Reinforcement Learning¶

This capability provides recipes to train and evaluate reinforcement learning (RL) agents. It is provided by the Reinforcement Learning plugin, which you need to install. Please see Installing plugins.

Overview¶

Reinforcement learning is a good fit when a problem involves sequential decisions, delayed rewards, and an objective focused on long-term outcomes.

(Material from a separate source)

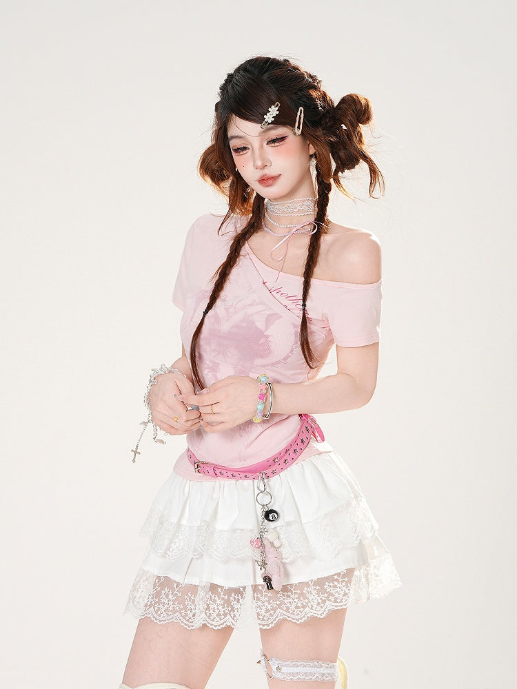 Asymmetrical Neckline Butterfly Print White/Pink Slim-fitting T-shirt

The plugin supports two agent families:

Q-learning for smaller, fully discrete state/action spaces.
Deep Q-learning (DQN) for richer observations where tabular policies are not practical.

Training recipe¶

Use the Train recipe to learn a policy by repeatedly interacting with an environment.

Outputs¶

A managed folder containing model artifacts and training metadata.

Parameters¶

Agent: Q-Learning or Deep Q-learning (DQN).
Environment source: built-in environment list or custom environment ID.
Environment kwargs (JSON object, optional): runtime parameters passed to the environment.
Q-learning settings: Discount factor, Learning rate, exploration (Epsilon, Decay rate), and episode/step limits.
DQN settings: Policy, Total training timesteps, Buffer size, Batch size, exploration settings, and target network update frequency.
Training profiles mode (DQN): optionally train multiple profiles from a JSON array.

Testing recipe¶

Use the Test recipe to evaluate a trained model without additional learning.

Inputs¶

A managed folder containing trained model artifacts.

Outputs¶

A managed folder with testing JSON files (scores, metadata, and replay information).

Parameters¶

What to test: manual model selection or manifest-based batch testing.
Agent: the agent family to evaluate.
Environment fields (Environment source, Environment or Custom Environment ID, Module to import, optional Environment kwargs).

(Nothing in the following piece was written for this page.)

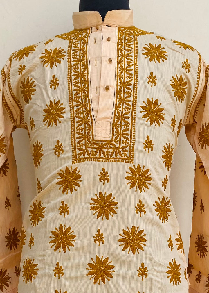 Lucknowi Chikankari Men’s Kurta Peach Cotton

Using custom environments¶

For most business use cases, you will define a custom Gym/Gymnasium environment.

Add your environment Python module to the Dataiku project library.
Ensure importing the module registers an environment ID.
In Train/Test recipes, set:
- Environment source = Custom environment ID
- Custom Environment ID = <registered_id>
- Module to import = <module_name>
- optional Environment kwargs (JSON object)

Visualizing testing results¶

To compare evaluation runs, create a visual webapp with the RL Agent Testing Results webapp template.

Configure:

Replay Folder: output folder from the Test recipe.
Training Models Folder (optional): output folder from Train recipe to enable manifest/profile helpers.